The layoffs, which come ahead of next year’s US presidential election, happened about a month after the company said in a blog post that it was “expanding [its] safety and elections teams to focus on combating manipulation, surfacing inauthentic accounts and closely monitoring the platform for emerging threats.”
To make matters even more awkward, in a profile of X CEO Linda Yaccarino published by the Financial Times this week, the former NBCU executive “assured” the reporter that the company would be expanding those teams.
“Decimating their election integrity team—on top of last year’s firings—means that X will continue to be a toxic hellscape that people and advertisers should avoid,” Kyle Morse, deputy executive director of the nonprofit Tech Oversight Project, said in a blog post.

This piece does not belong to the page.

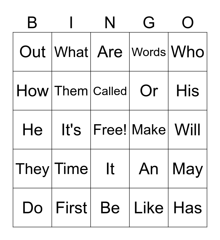This bingo card has a free space and 98 words: For, On, Up, Will, A, And, Two, More, One, Had, Come, Made, Into, Time, All, What, He, Was, Have, This, Way, No, Other, About, Many, Out, Be, At, There, Use, Do, How, Her, Some, His, With, Words, By, It's, Now, Been, Called, Or, From, That, It, To, In, Of, The, Than, My, Write, Go, Were, We, They, I, Day, Down, But, Not, Can, Said, Number, See, Get, Did, Your, When, Are, As, Like, Him, Could, People, Their, If, Look, Has, Then, Them, First, Water, Long, Find, Which, She, May, Part, Each, An, You, Is, Make, Would, Who and Am.

This week, researchers also noticed that X has removed a feature that let users “self-report political misinformation.”
+1: On Wednesday, Yaccarino spoke at the Code Conference in an interview that was described as “awkward at times” by the Wall Street Journal. During the interview, she said the platform should turn a profit by early next year. Before she spoke, former Twitter head of trust and safety Yoel Roth told the audience that advertising safety on the platform isn't what it used to be. Earlier this month, Musk tweeted that ad revenue on X is down 60%, but didn’t share a time frame.